Gerilya revolusi menjadi semangat juang dikalangan pemuda. Adnan Kapau Gani, Ferdinand Lumbang Tobing, letkol Askari letkol Kawilarang, I. J. Kasimo, K H Masjkur, Teuku Muh Hassan ádalah sebagian tokoh didalam negeri. Diluar negeri dr Sudarsono di New Delhi, H.M Rasjidi di Kairo dan di L.N. Palar di New York melaksanakan diplomasi perjuangan sebagai bagian dari membela Republik Indonesia. PDRI adalah lambang semangat juangn dalam keadaan darurat. PDRI tidak bertahan lama, hanya 207 hari sampai Juli 1949, saat mandat PDRI diserahkan kembali ke Republik Indonesia pimpinan Mon Hatta yg ketika itu memimpin sebagai perdana menteri merangkap Wakil Presiden.

Bela Negara dalam era globalisasi ini sekarang ini ditentukan oleh generasi kelahiran 1978 keatas yang bekiprah di segala bidang pertarungan global pada kurun waktu 2015-2045, menjelang 100 tahun Repubik Indonesia. Dalam sarasehan tentang ” Peran PDRI dalam perjuangan Republik Indonesia” di Bukittinggi tahun 2007 Menko Polhukam Widodo AS menegaskan “Semua pelaku sejarah PDRI di dalam dan luar negeri , sipil dan militer, telah melaksanakan tugas dengan berani, baik dan benar.” Pada tahun 2008 Dewan Tanda Gelar dan Tanda Jasa megangkat Sjafruddin Prawiranegara dan Mohmad Natsir, tokoh PDRI sebagai Pahlawan Nasional.

Bela Negara kini di disebarluaskan oleh Kementerian Pertahanan dengan dukungan Kementerian Luar Negeri, Kementerian Pendidikan Dasar Menengah, Kementerian Pendidikan Tinggi dan Riset, Kementerian Pemuda Olahraga dan Kementerian Pemberdayaan Apparatur Negara dan Refomasi Birokrasi.

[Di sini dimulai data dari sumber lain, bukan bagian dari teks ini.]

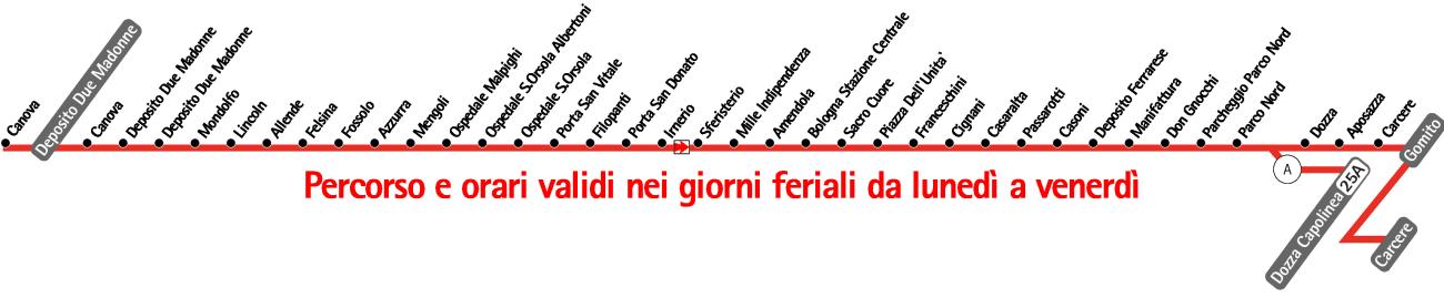 Linea 25: Carcere/Dozza - Stazione Centrale - Ospedale Malpighi - Fossolo - Due Madonne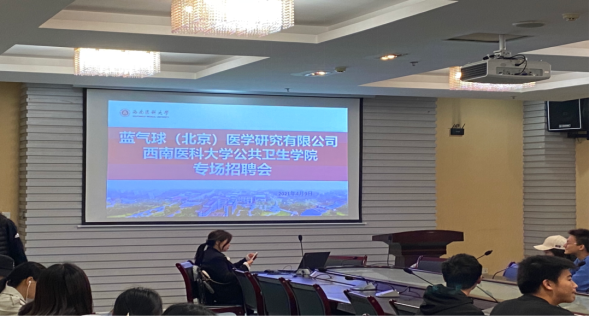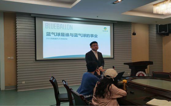 蓝气球(北京)医学研究有限公司霍禹良总经理向同学们详细介绍了公司的发展、公司文化等。并结合自身工作经历以及国内外行业发展前景为同学们做了讲解。

Mereka bertekad bertekad untuk:Bela Tanah Air, bela Budaya dan Adat, bela Sains dan Teknologi, bela Lingkungan Hidup dan Kekayaan Hayati, bela kemahiran Indonesia dalam Finansial Global, bela dalam menjalankan Perang Otak dan Perang Maya. Dan yang paling penting untuk kelangsungan bangsa da negara: seluruh pemuda Angkatan 1998, Angkatan 2008, bertekad untuk membela Sila Keadilan Sosial bagi seluruh Rakyat Indonesia.